Record set:

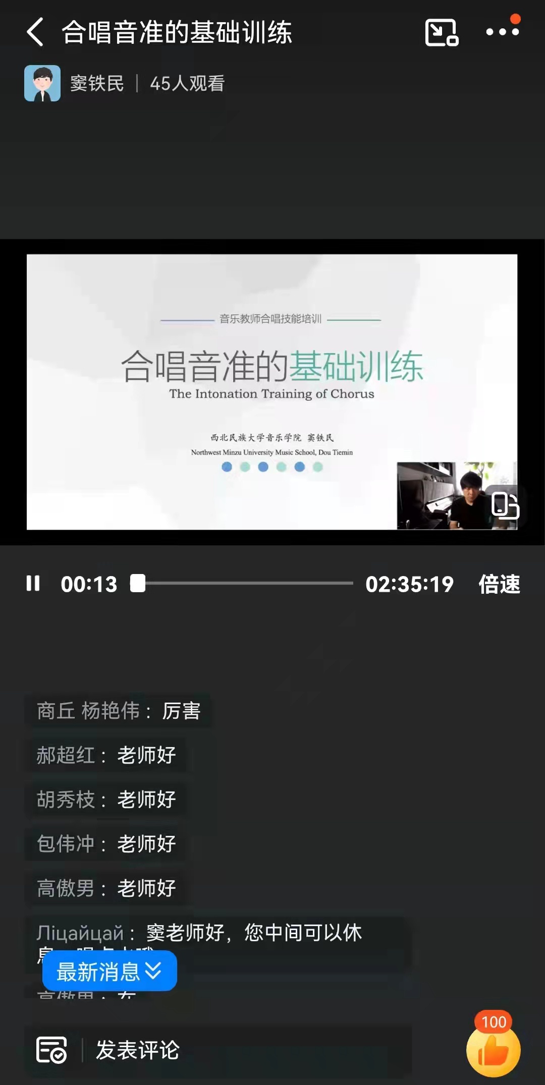 6月3日,应304am永利集团之邀,西北民族大学304am永利集团青年指挥家窦铁民为国培计划——县级骨干教师提升培训小学音乐教师培训班学员讲授《合唱音准的基础性训练》。由于疫情防控,本次采用线上授课。
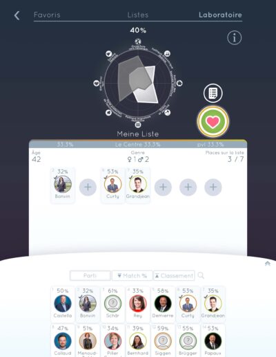 Swipe parmi les candidats, fais ton classement, édite des listes par glisser-déposer et découvre qui a été élu. Cela semble simple? C’est vrai!
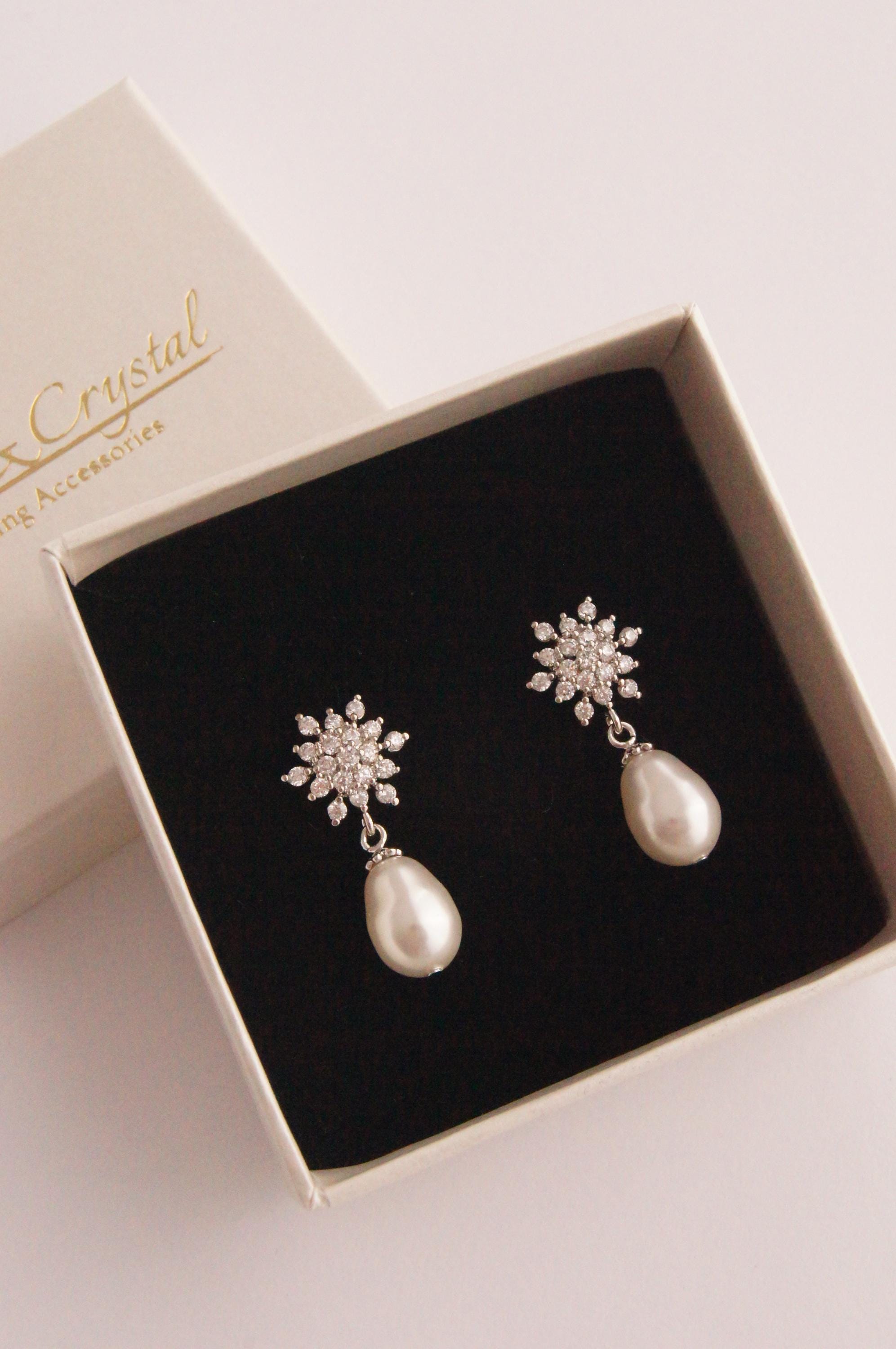 Bridal earrings, crystal bridal earrings, pearl bridal earrings, br...
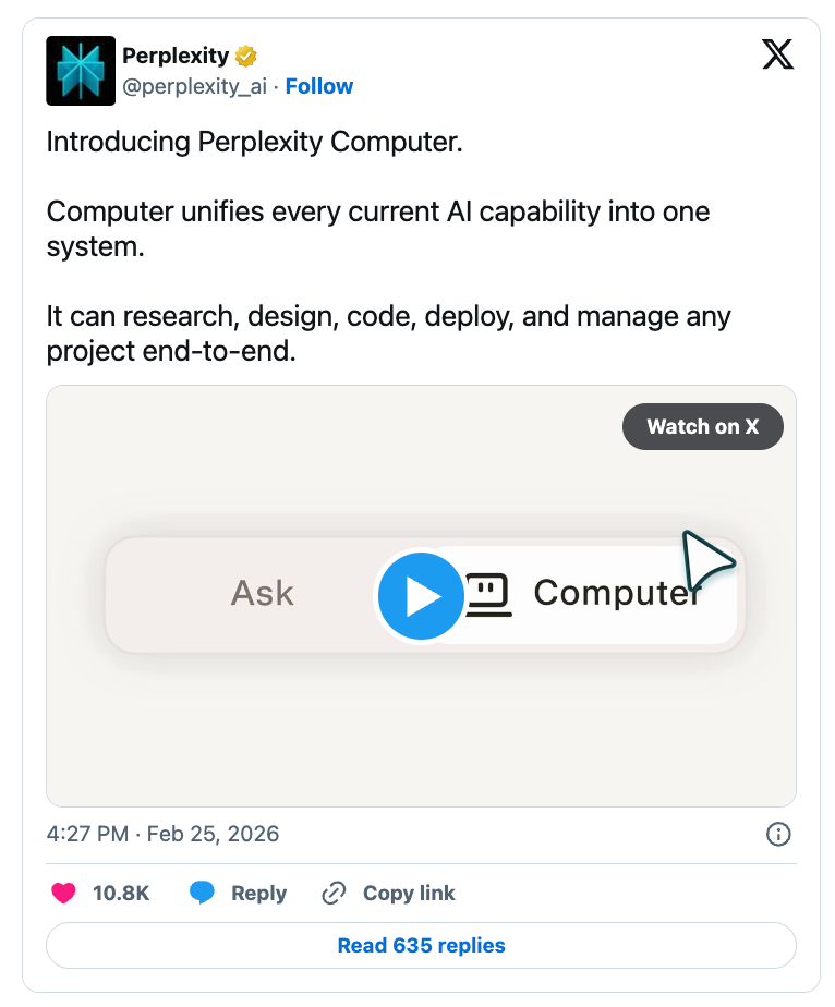 🖥️ Perplexity launched Computer, a general-purpose AI system that researches, codes, and deploys entire projects using 19 specialized models. (continue reading)
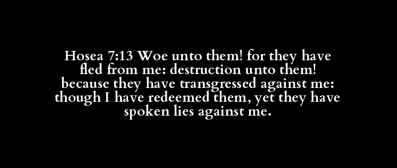 Hosea 7:13 Woe unto them! for they have fled from me: destruction unto them! because they have transgressed against me: though I have redeemed them, yet they have spoken lies against me.
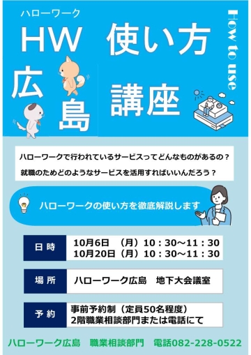 【ハローワーク使い方講座】 ハローワーク広島を効果的に利用していただくための 使い方を徹底解説します! |
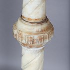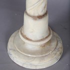 An early 20th century alabaster display pedestal, height 97cm, width 21cm, together with a similar pedestal with wrythen fluted stem, height 101cm, width 24cm.
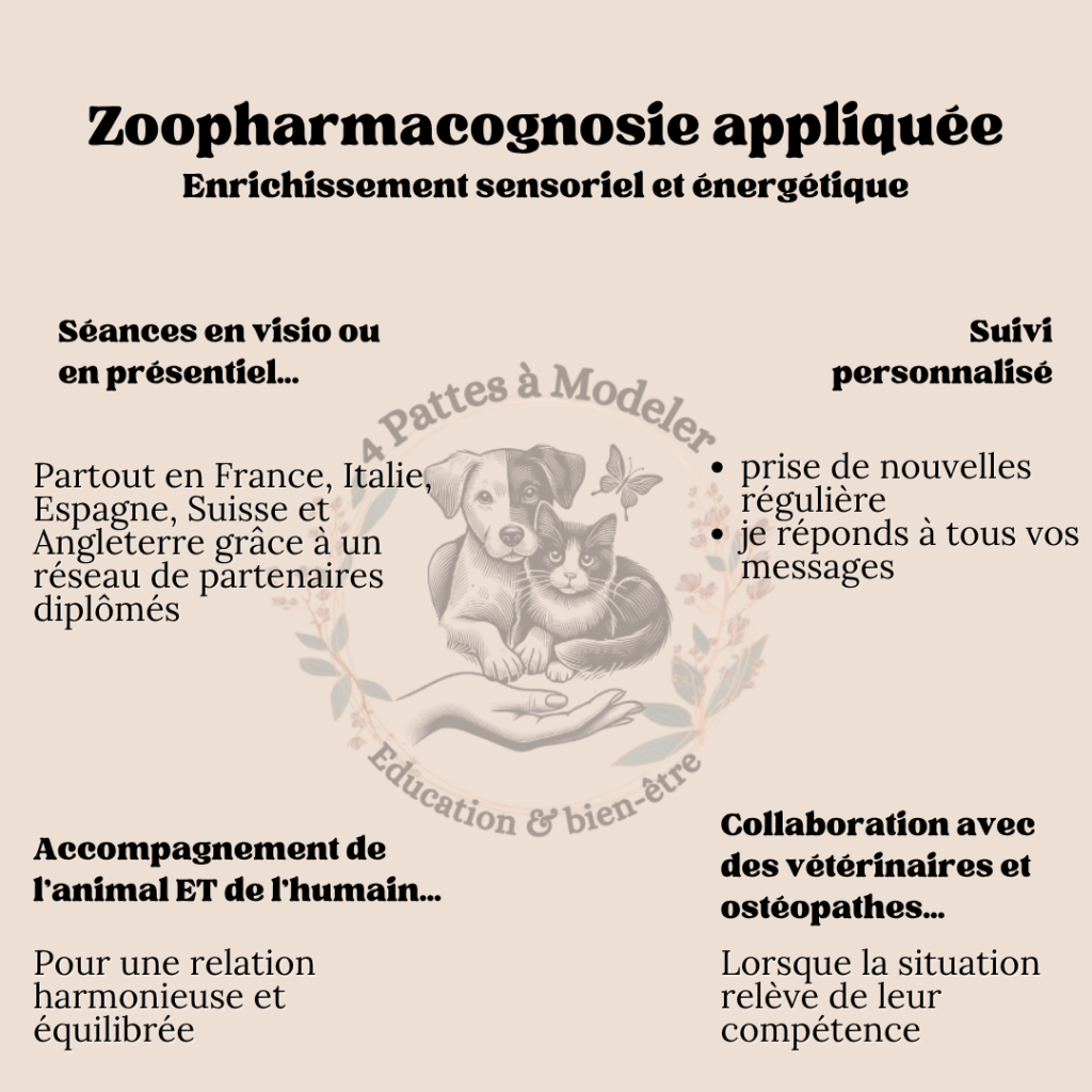 La Zoopharmacognosie appliquée ne se substitue en aucun cas à un soin vétérinaire. Elle n’a pas vocation à diagnostiquer, prescrire, administrer un soin ou traiter une quelconque pathologie. Cela relève de la compétence du vétérinaire.

Assigned task: Only the lines from the beginning of the listing up to and including the line with "models. (continue reading)" should appear in the reply, copied word for word and free of pictures.

Result of this exercise:
 6月3日,应304am永利集团之邀,西北民族大学304am永利集团青年指挥家窦铁民为国培计划——县级骨干教师提升培训小学音乐教师培训班学员讲授《合唱音准的基础性训练》。由于疫情防控,本次采用线上授课。
 Swipe parmi les candidats, fais ton classement, édite des listes par glisser-déposer et découvre qui a été élu. Cela semble simple? C’est vrai!
 Bridal earrings, crystal bridal earrings, pearl bridal earrings, br...
 🖥️ Perplexity launched Computer, a general-purpose AI system that researches, codes, and deploys entire projects using 19 specialized models. (continue reading)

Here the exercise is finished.